Kadın-erkek eşitsizliği

Merhaba kıymetli okurlarım. Gelmiş olduğumuz bu yüzyılda yoksulluk, açlık, ayrımcılık, hastalıklar ve insani gelişimin önündeki diğer...

Merhaba kıymetli okurlarım. Gelmiş olduğumuz bu yüzyılda yoksulluk, açlık, ayrımcılık, hastalıklar ve insani gelişimin önündeki diğer engellerin ortadan kaldırılması için kadın-erkek eşitsizliği, insanlığın önünde hl aşılması gereken önemli bir sorun olarak duruyor ancak kız çocuklarının okuldan alınarak zorla evlendirildiği, kadınların iş imkanlarının kısıtlı olduğu ve kadına karşı şiddetin günlük hayatın bir parçası haline geldiği bir dünyayı kabullenmek artık mümkün değil. Trafikte araç kullanan bir kadın gördüğünde magandalık yapan kişiler, maalesef ki toplumda yaşamak nedir bilmiyorlar.
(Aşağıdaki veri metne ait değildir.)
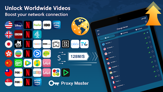 Proxy Master - A free, fast and secure VPN trusted by over 10,000,000 users, to help you protect online privacy, secure WiFi hotspot, access blocked websites / apps, watch videos (streaming content / movies / sports shows / any other program), speed up games and bypass firewalls.

Hanımefendiler, ev işleri veya gündelik işlerindeki titizliklerini araç kullanmakta da gösterdikleri için o hızlı yoğun trafik akışına adapte olamıyor olabilirler ama emin olun ki çok düzenli, kurallara uyarak, dikkatli araç kullanıyorlar. Bu konuda ayrıca kendilerini tebrik ediyorum.

Öncelikle hepimiz insanız, bir yaradılışımız var, birimizden birimizin üstünlüğü yok. Elbette bu, inandığımız dinler gereği değişebiliyor. Biz saygıyı bozmazsak kadın ile erkek arasındaki inanın o gün eşitlenir her şey. Beni üzen çalışıp kazanan, evinin rızkını kazanan, eli ekmek tutan kim olursa karşı cinse tutumu değişiyor. Unutuyor insan aynı evi, aynı hayatı hatta aynı evlatları paylaştığını yani bir bütün olduğunu.

Ekonomik imkanlar bir tarafı ezmek için değil, birlikte daha rahat şartlarla iyi bir yaşamı sağlamak içindir. Eşler arasına asla para konusu girmemeli. Birlikte hayır bereket ayrılık ve ayrımcılıkta azap ve mutsuzluk vardır. Kadınımız da erkeğimiz de eşittir aslında ama bazı kendini geliştirememiş insanlar, daha doğrusu kompleksli insanlar bunu aşamamıştır. Çalışan, gelir düzeyi yüksek olan ama kadın ama erkek, bu durumu bir üstünlük sayıp karşı cinsin gururunu incitiyorsa işte bu, büyük bir kadın-erkek eşitsizliğidir.

Dikkat edin bakın, çok uç noktalarda yaşıyor toplumumuz bunu. Ya bir köşede evli kadın kocası tarafından darp ediliyor ya da yaralanıyor eski eş tarafından. Fiziken üstün ve güçlü olmak, üstünlük sağlamaz ki. Üstünlük, hiçbir zaman şiddetin hiçbir türlüsüyle vurgulanamaz. Toplumda şiddeti kınarken bile şiddet oluyorsa eşitlik sağlamak mümkün olamaz. Dengeleri korumak için herkesin daha yumuşak, daha tahammüllü ve sakin, olgun olması gerekiyor. Yoksa şiddet ve eşitsizlik, bir kadın bir erkek uç gruplarının elinde sürekli, sonuçsuz, savaş ortamı yaratırcasına taraflaşma meydana getirecektir.

Eşitlikten anlağımız, bir diğer yarımız olan karşı cinse baskıcılık taraf olmak anlamına gelmiyor. Toplumların içinde marjinal gruplar o kadar çok ki her şeyiyle huzurla yaşayan insanları kırıntı olsa bile olsa etkiliyor ve bunun adına algı diyoruz. Makalemin başında da belirttiğim gibi dünya üzerinde o kadar çok sorunlar varken, Yaratan bizi farklı yaratıp birleşmemizi emrederken nedir paylaşamadığımız?

Kadın erkeksiz, erkek kadınsız olmaz. Birbirimizin kıymetini bilelim, yarışımız yalnızca sevgide olsun. Bu, daha mutlu ve güzel yarınlarımıza giden yoldur.

Sevgi ve saygılarımla, sağlıcakla kalın.